After some digging I think I found an easier option. Modifying the weewx.conf and setting loop_on_init = True has the WeeWX service retry every 60 seconds on a hardware driver failure. The Userguide states for loop_on_init:

"Normally, if the hardware driver fails to load, WeeWX will exit. The assumption is that there is a configuration problem and so retries are useless. However, in some cases, drivers can fail to load for intermittent reasons, such as a network failure. In these cases, it may be useful to have WeeWX do a retry. Setting this option to 1 will cause WeeWX to keep retrying indefinitely."

While stumbling upon the loop_on_init I did see another driver for WeeWX specifically mention the loop_on_init incase of driver failure, WLLDriver.

I modified my weewx.conf, did a reboot and watched the syslog. As expected WeeWX displayed a failure but instead of exiting it gave a message "Mar 10 20:24:00 wx weewx[529] CRITICAL main: **** Waiting 60 seconds then retrying..." It was successful on the retry and WeeWX finished starting up once eth0 came online. I've snipped the syslog and included everything from when the failure happened to it succeeding so you can see the process.

In my opinion setting the option for loop_on_init = True is the answer for startup failures. I don't think this would resolve internet outages w/o the service restarting. I'm going to test that out by unplugging the network cable and letting it sit for 10 minutes before plugging it back in.

weewx-retry.txt

Nick

vogelnr commented 1 year ago

Confirming on network disconnect and reconnecting that it does cause weewx to crash and need a manual restart.

duvalljm commented 1 year ago

I too have encountered this issue on three occasions since setting up weewx and have a question. I can't tell from the last comment if setting loop_on_init = True resolves this. In my case, internet drops for several minutes or flaps several times over a period of a few minutes both of which caused weewx to fail.
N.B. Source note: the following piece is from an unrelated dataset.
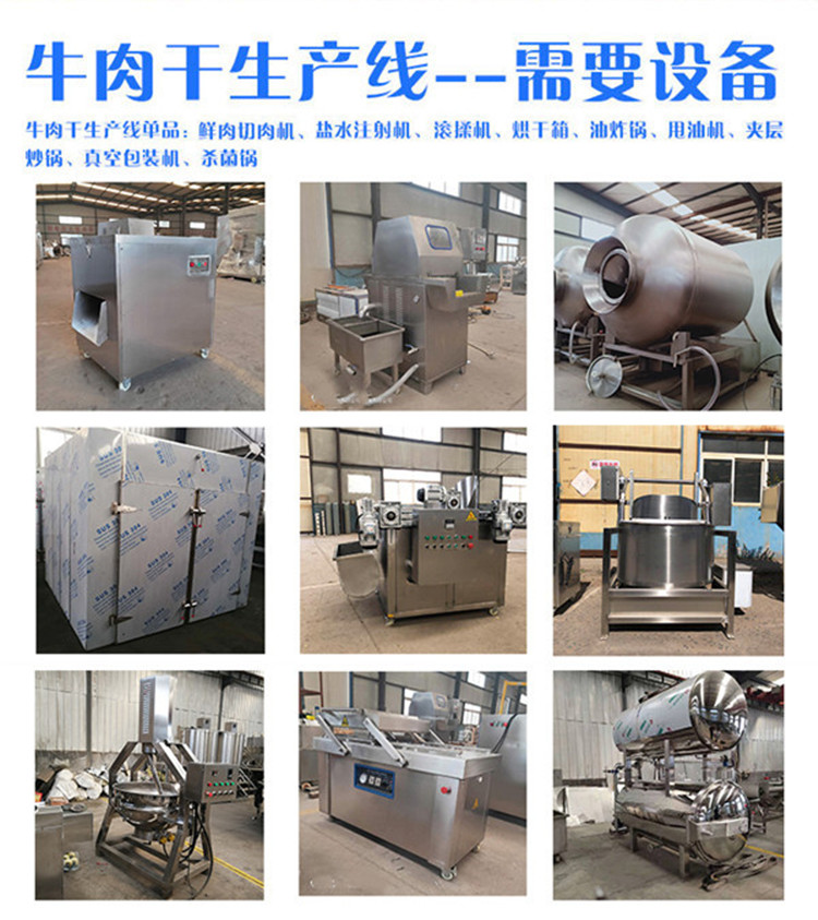 我們是做牛肉干加工設(shè)備的,那么咱們聊一下,現(xiàn)在市面上見的比較多的牛肉干應(yīng)該是手撕牛肉了吧,從客戶的咨詢來看,手撕牛肉干也是大多數(shù)客戶想做的,以前我們吃的比較多的是牛肉粒,在超市看見比較多的也是大包的包裝里面有小的包裝,現(xiàn)在感覺,還是手撕牛肉干比較好吃,那么手撕牛肉干是用哪些設(shè)備做的呢?牛肉干有很多口味,同樣也有很多做法,不同的牛肉干會有不同的工藝配方,有的需要的設(shè)備也是不一樣的,做牛肉干需要那些設(shè)備呢?這些設(shè)備又是怎樣操作呢?現(xiàn)在就跟大家簡單介紹一下做牛肉干需要的設(shè)備,解凍槽(假如咱們是鮮肉的話,就不需要這個(gè)設(shè)備了)---鹽水注射機(jī)----切條切片機(jī)----真空腌制機(jī)---烘干機(jī)(或者煙熏爐都可以)---真空包裝機(jī)----高溫殺菌鍋----風(fēng)干機(jī)---打包入庫(食品加工機(jī)械廠家Tel:138*5448-1138)

What I found interesting is the behavior once internet was back. If I just start weewx, it doesn't work. If I stop weewx, I get response that weewx is not running. However, if I stop and then start, it works every time. Does loop_on_init fix this?

livysdad27 commented 1 year ago

I recently had to deal with some internet downtimes. @vogelnr I found this article, implemented it and it seems to address the issue. https://github.com/weewx/weewx/wiki/systemd . I had to modify the startup script to call python3 explicitly and my ubuntu implementation puts the service in a slightly different location than the debian instructions. In the [Service] stanza you want a Restart on-failure . You can also find other options for systemd startup params that help. After converting mine to systemd and implementing that param basically any weewx crash/failure will reboot/restart eventually.

I still want to build in some retry code into the driver but the websocket library I use makes it a bit trycky.

@duvalljm you might also try the above. WRT your other question, I don't use loop_on_init. That question might be a better one for the weewx google group. I get a ton of help there.

livysdad27 commented 7 months ago

I added the retry code back in and in my most recent power failure (cable to the battery pack failed) the retry routine worked. In the course of this eventually weewx failed and the instructions WRT systemd referenced above worked as well. Considering this closed.